Result: ~700ms end-to-end at minimum cost (≈$0.05/min conversed).

Assign to AI agents

Once providers are configured, assign each one to an AI agent:

  1. AI Agents → your agent → Configuration.
  2. Select STT, LLM and TTS providers.
  3. Define system prompt, available functions and transfer nodes.

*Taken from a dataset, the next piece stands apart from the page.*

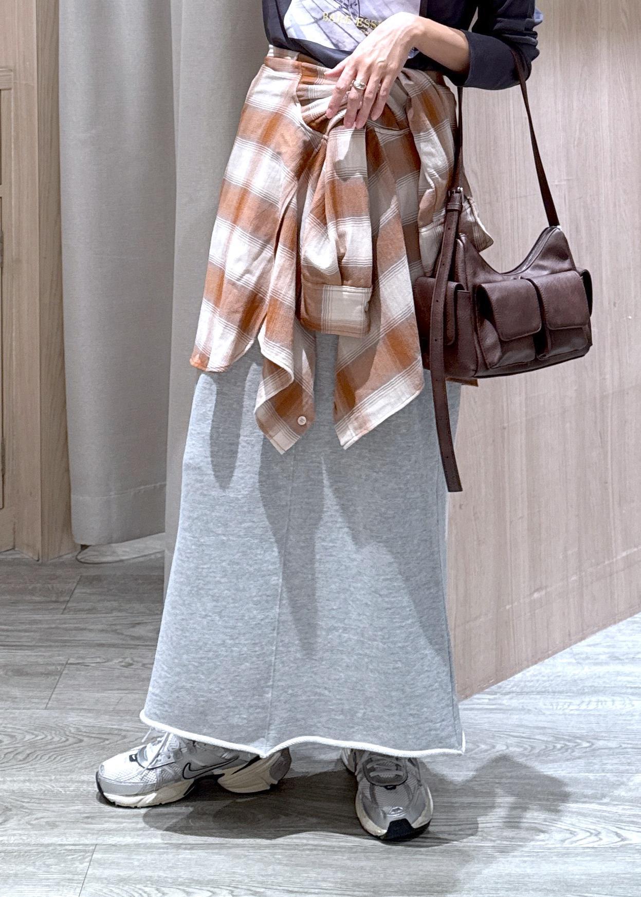 スウェット素材のナローススカートなので楽ちんなのにカジュアルすぎず、キレイめスタイルにも合わせやすいです◎ -

A single AI agent can have different configurations per environment (sandbox vs prod) for A/B testing.

Security

  • API keys encrypted with AES-256-GCM per tenant in DB.
  • Don’t leave SIVO’s backend — providers never see your customer identity.
  • Rotation: change the key in the panel and SIVO uses the new one on the next call (no restart).
  • If you revoke the key without replacing, calls with AI fail with provider_unavailable — the IVR flow can define an errorNodeId fallback.

Estimated costs

For 1 hour of continuous AI conversation with the low-latency combo:

StageApprox. cost
STT (Deepgram Nova-2)~$0.78
LLM (Groq Llama 3.1 70B)~$0.72
TTS (ElevenLabs v2)~$10.80
Total~$12.30/h conversed

Premium (GPT-4o + ElevenLabs v3) goes to ~$30-40/h. Minimum cost with OpenAI TTS drops to ~$5-7/h.

→ This is your cost with your provider. SIVO doesn’t bill on top.